The patient is a 35-year-old female with multiple symptoms that align with the clinical picture of systemic lupus erythematosus (SLE). These symptoms include fatigue, hair loss, joint pain, malar rash, sensitivity to sunlight, and a history of pleuritis and mouth ulcers. Lab tests further support this diagnosis by showing reduced Hb, low platelets, and low WBC, along with positive anti-dsDNA and anti-Sm antibodies.

Understanding Complement Levels in SLE:

The complement system plays a crucial role in the immune response, and alterations in complement levels can be indicative of disease activity in SLE. 

A. C1: This is generally not routinely assessed in SLE patients for disease activity.

B. C2: Levels of C2 are not typically utilized to monitor SLE disease activity

C. C3: While levels of C3 can be reduced in SLE and indicate disease activity, it's generally not as specific as C4.

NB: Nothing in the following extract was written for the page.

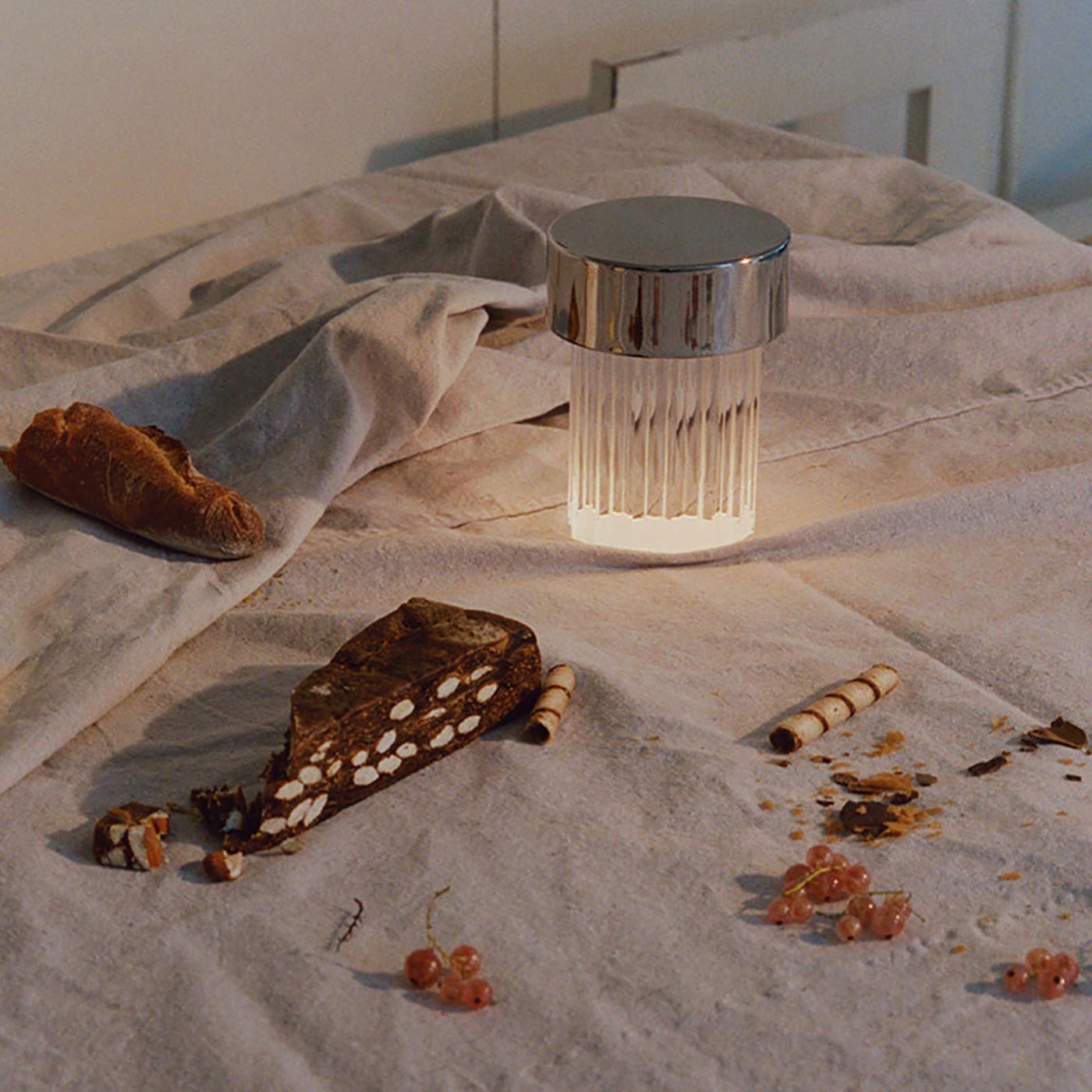 La lampada da tavolo ricaricabile diffonde la luce attraverso una base in cristallo massiccio trasparente, la cui forma fa riferimento alla tipologia architettonica delle colonne antiche. Disponibile in  ottone lucido, rame satinato, verde opaco, acciaio lucido.

D. C4: Low levels of C4 have been associated with SLE and are indicative of disease activity. Monitoring these levels can provide insights into the severity of the condition and help guide treatment decisions.

E. C5: This component is not typically monitored in the context of SLE.

Diagnostic Reasoning:

Given that we suspect SLE in this patient, and considering her multiple symptoms along with the positive anti-dsDNA and anti-Sm antibodies, it is important to monitor disease activity to guide treatment. C4 levels are known to be affiliated with an increased risk of SLE and serve as a marker for disease activity.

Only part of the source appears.